With respect to direct aid, the Court has typically applied the tripartite test it first articulated in
Lemon v. Kurtzman.2 The Lemon test requires that an aid program (1) serve a secular legislative
purpose; (2) have a primary effect that neither advances nor inhibits religion; and (3) not foster an
excessive entanglement with religion. Because education is an important state goal, the secular
purpose aspect of this test has rarely been a problem for direct aid programs. But prior to the
Court’s latest decisions, both the primary effect and entanglement prongs were substantial
barriers. To avoid a primary effect of advancing religion, the Court required direct aid programs
to be limited to secular use and struck them down if they were not so limited.3 But even if the aid
was so limited, the Court often found the primary effect prong violated anyway because it
presumed that in pervasively sectarian institutions it was impossible for public aid to be limited to
secular use.4 Alternatively, it often held that direct aid programs benefiting pervasively sectarian
institutions were unconstitutional because government had to so closely monitor the institutions’

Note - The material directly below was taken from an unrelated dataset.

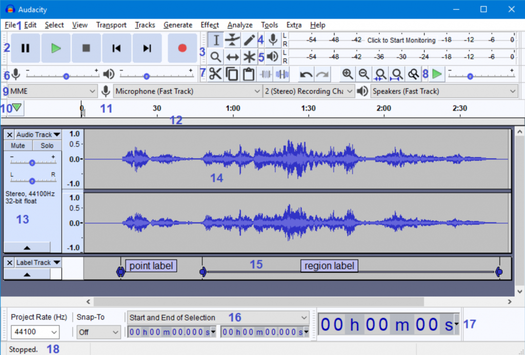 We will now look at a general overview of Audacity’s project window. You don’t need to know how everything works starting out – you will naturally build your skills through experience. We will just give a summary here to give you an idea of the possibilities available. The functionalities are numbered 1 through 17, some of which you already know from the previous steps.

use of the aid to be sure the limitation to secular use was honored that it became excessively
entangled with the institutions.5 These tests were a particular problem for direct aid to sectarian
elementary and secondary schools, because the Court presumed that such schools were
pervasively sectarian. It presumed to the contrary with respect to religious colleges.

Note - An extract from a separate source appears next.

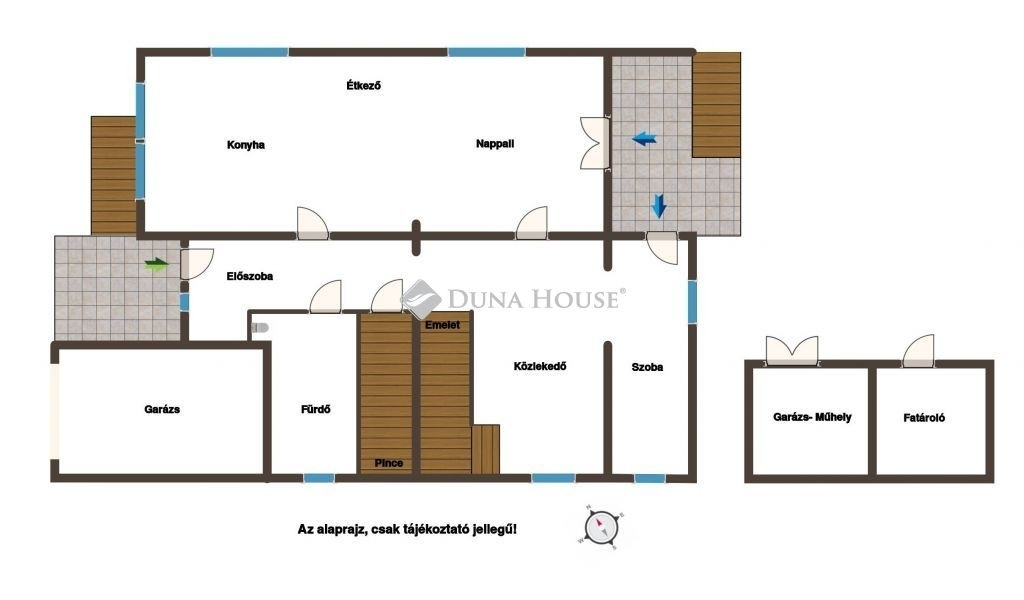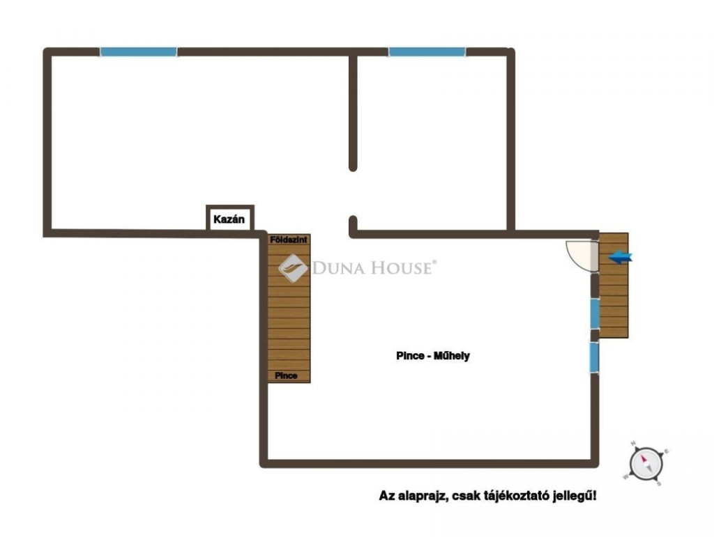 A ház nagy része alápincézett, amely ideális műhely és konditerem kialakítására is.

The Court’s decisions in Agostini v. Felton6 and Mitchell v. Helms,7 however, have recast these
tests in a manner that has lowered the constitutional barriers to direct aid to sectarian schools. The
Court has abandoned the presumption that sectarian elementary and secondary schools are so
pervasively sectarian that direct aid either results in the advancement of religion or fosters
excessive entanglement. It has also abandoned the assumption that government must engage in an
intrusive monitoring of such institutions’ use of direct aid. The Court still requires that direct aid
serve a secular purpose and not lead to excessive entanglement. But it has recast the primary
effect test to require that the aid be secular in nature, that its distribution be based on religiously
neutral criteria, and that it not be used for religious indoctrination.8
1 U.S. Const. amend. I. The First Amendment has been held to apply to the states as well as to the federal government.
See Cantwell v. Connecticut, 310 U.S. 296 (1940) (Free Exercise Clause) and Everson v. Board of Education, 330 U.S.
1 (1947) (Establishment Clause).
2 403 U.S. 602 (1971).
3 See, e.g., Committee for Public Education v. Nyquist, 413 U.S. 756 (1973).
4 See, e.g., Aguilar v. Felton, 473 U.S. 402 (1985), overruled by Agostini v. Felton, 521 U.S. 203 (1997).
5 See, e.g., Wolman v. Walter, 433 U.S. 229 (1977), overruled by Mitchell v. Helms, 530 U.S. 793 (2000).
6 521 U.S. 203 (1997).
7 530 U.S. 793 (2000).
8 See Agostini, 521 U.S. 203.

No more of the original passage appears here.